**WHAT YOU HAVE TO DO**
Output, exactly as written, the lines below starting at the line containing "gota patti works." and ending at the line containing "White + Blue Diamond Black". Drop the pictures and keep both end lines.

**DATASET ENTRIES**
-*-

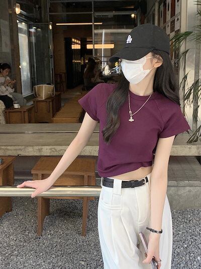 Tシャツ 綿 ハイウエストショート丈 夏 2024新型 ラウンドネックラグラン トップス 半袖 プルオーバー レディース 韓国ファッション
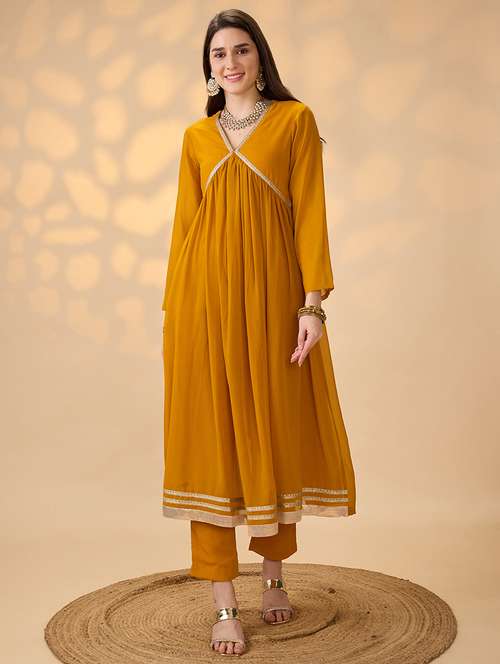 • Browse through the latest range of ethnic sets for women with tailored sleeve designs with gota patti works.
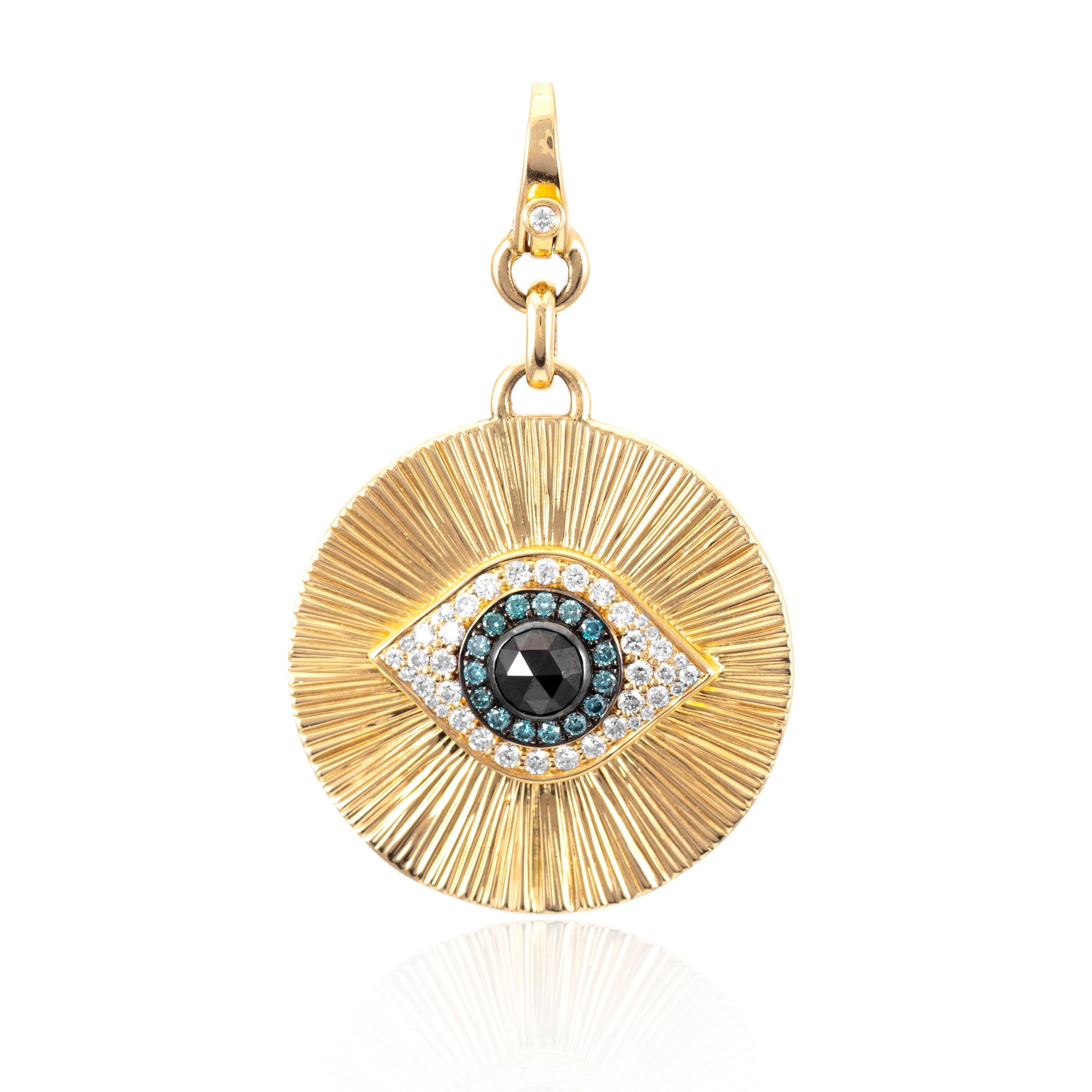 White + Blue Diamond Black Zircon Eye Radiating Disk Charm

-*-

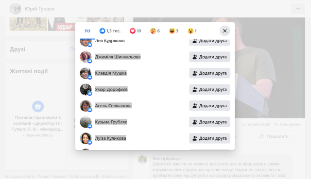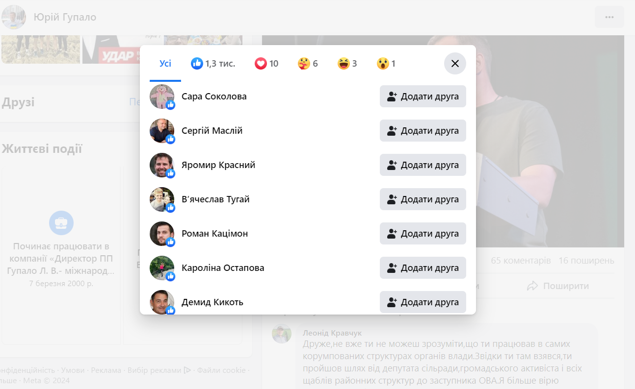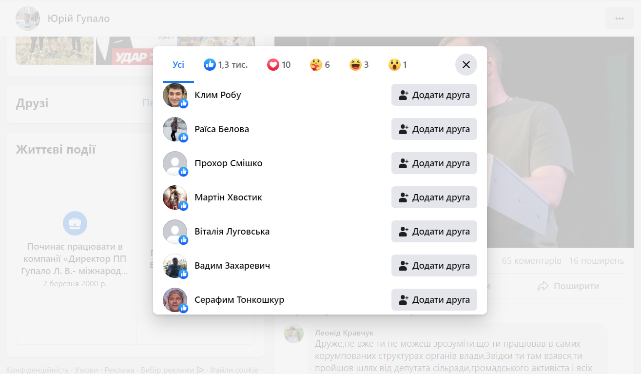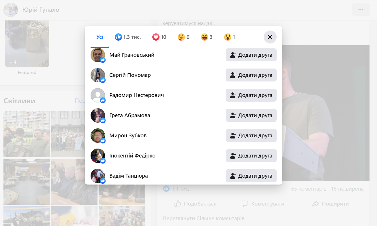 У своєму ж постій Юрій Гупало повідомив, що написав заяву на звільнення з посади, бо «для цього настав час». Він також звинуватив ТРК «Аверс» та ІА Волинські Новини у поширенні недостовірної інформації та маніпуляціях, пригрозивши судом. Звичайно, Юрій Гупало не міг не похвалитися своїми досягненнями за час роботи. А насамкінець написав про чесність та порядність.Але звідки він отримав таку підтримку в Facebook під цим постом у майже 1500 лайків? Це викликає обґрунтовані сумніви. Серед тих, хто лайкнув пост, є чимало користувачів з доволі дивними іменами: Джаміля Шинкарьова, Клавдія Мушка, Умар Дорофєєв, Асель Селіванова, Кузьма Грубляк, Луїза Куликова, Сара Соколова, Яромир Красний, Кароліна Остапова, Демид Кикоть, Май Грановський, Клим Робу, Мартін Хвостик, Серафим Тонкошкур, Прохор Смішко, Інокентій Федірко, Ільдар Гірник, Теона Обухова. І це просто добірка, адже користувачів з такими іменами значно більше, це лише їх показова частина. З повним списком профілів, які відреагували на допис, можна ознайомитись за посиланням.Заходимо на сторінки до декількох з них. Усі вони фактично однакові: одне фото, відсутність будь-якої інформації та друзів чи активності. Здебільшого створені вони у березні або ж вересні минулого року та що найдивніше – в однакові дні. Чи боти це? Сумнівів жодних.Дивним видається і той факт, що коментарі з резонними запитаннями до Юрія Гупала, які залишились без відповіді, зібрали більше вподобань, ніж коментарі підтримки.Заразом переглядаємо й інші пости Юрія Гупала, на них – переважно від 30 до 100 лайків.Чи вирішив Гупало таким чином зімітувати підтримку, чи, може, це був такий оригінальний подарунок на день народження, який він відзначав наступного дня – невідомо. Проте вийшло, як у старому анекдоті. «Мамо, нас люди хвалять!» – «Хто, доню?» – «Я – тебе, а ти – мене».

-*-

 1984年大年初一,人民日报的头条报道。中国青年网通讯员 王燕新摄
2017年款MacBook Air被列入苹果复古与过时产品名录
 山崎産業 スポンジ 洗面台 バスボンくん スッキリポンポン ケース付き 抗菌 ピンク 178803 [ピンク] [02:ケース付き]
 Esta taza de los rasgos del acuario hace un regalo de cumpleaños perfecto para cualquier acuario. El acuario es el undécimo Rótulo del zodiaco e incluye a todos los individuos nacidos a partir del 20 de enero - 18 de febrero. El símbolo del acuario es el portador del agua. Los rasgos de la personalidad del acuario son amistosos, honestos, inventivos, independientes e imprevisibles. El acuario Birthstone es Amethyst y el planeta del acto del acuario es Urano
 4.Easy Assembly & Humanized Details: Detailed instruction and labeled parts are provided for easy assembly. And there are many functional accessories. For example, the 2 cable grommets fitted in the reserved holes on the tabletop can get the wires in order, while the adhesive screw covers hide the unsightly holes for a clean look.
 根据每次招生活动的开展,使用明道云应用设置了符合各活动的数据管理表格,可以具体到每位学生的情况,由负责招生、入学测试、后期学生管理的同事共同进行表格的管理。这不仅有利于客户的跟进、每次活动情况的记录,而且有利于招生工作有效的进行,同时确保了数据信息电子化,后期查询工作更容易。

-*-

**YOUR RESPONSE**
 • Browse through the latest range of ethnic sets for women with tailored sleeve designs with gota patti works.
 White + Blue Diamond Black Zircon Eye Radiating Disk Charm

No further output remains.